Consider a network of agents connected by communication links, where each agent holds a real value. The gossip problem consists in estimating the average of the values diffused in the network in a distributed manner. Current techniques for gossiping are designed to deal with worst-case scenarios, which is irrelevant in applications to distributed statistical learning and denoising in sensor networks. We design second-order gossip methods tailor-made for the case where the real values are i.i.d. samples from the same distribution. In some regular network structures, we are able to prove optimality of our methods, and simulations suggest that they are efficient in a wide range of random networks.
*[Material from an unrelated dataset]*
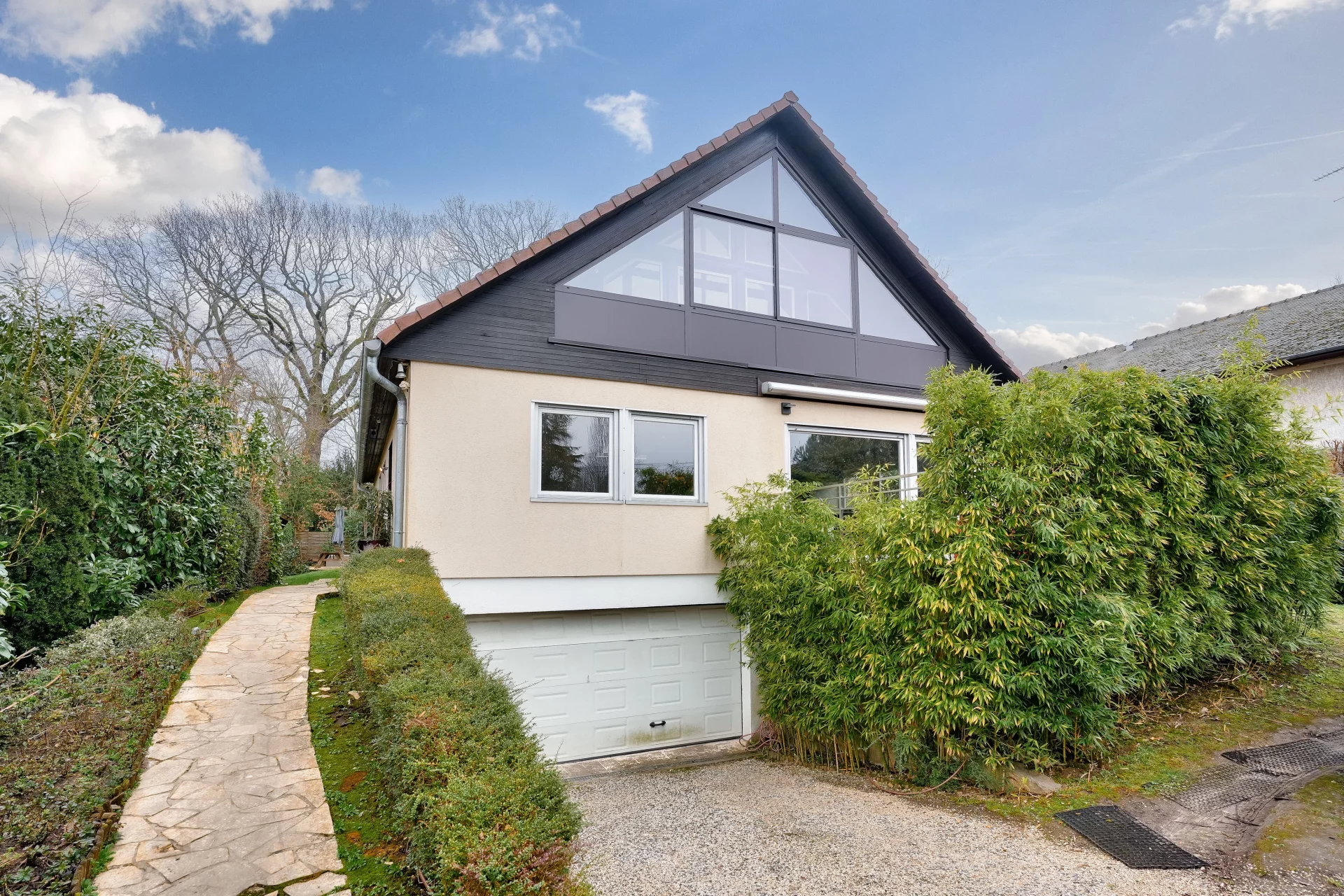 À l’abri des regards, dans un environnement résidentiel agréable et recherché, cette maison des années 1970 séduit par ses volumes généreux, sa luminosité et son jardin arboré de 818m².

Our approach of gossip stems from a new acceleration framework using the family of orthogonal polynomials with respect to the spectral measure of the network graph (joint work with Raphaël Berthier, and Pierre Gaillard).

15 June 2018
16:00
Abstract

Mathematical models based on first principles can describe the interaction between electrical, mechanical and fluid-dynamical processes occurring in the heart. This is a classical multi-physics problem. Appropriate numerical strategies need to be devised to allow for an effective description of the fluid in large and medium size arteries, the analysis of physiological and pathological conditions, and the simulation, control and shape optimisation of assisted devices or surgical prostheses. This presentation will address some of these issues and a few representative applications of clinical interest.

2 March 2018
16:00
Miranda Cheng
Abstract

The so-called moonshine phenomenon relates modular forms and finite group representations. After the celebrated monstrous moonshine, various new examples of moonshine connection have been discovered in recent years. The study of these new moonshine examples has revealed interesting connections to K3 surfaces, arithmetic geometry, and string theory.  In this colloquium I will give an overview of these recent developments. 
 

1 December 2017
16:00
Abstract

The theory of metric measure spaces with Ricci curvature from below is growing very quickly, both in the "Riemannian" class RCD and the general  CD one. I will review some of the most recent results, by illustrating the key identification results and technical tools (at the level of calculus in metric measure spaces) underlying these results.
 

10 November 2017
16:00
Professor Paul Riley, Professor Eleanor Stride
Abstract

The fourth QBIOX Colloquium will take place in the Mathematical Institute on Friday 10th November (5th week) and feature talks from Professor Paul Riley (Department of Pathology, Anatomy and Genetics / BHF Oxbridge Centre for Regenerative Medicine, https://www.dpag.ox.ac.uk/research/riley-group) and Professor Eleanor Stride (Institute of Biomedical Engineering, http://www.ibme.ox.ac.uk/research/non-invasive-therapy-drug-delivery/peo...).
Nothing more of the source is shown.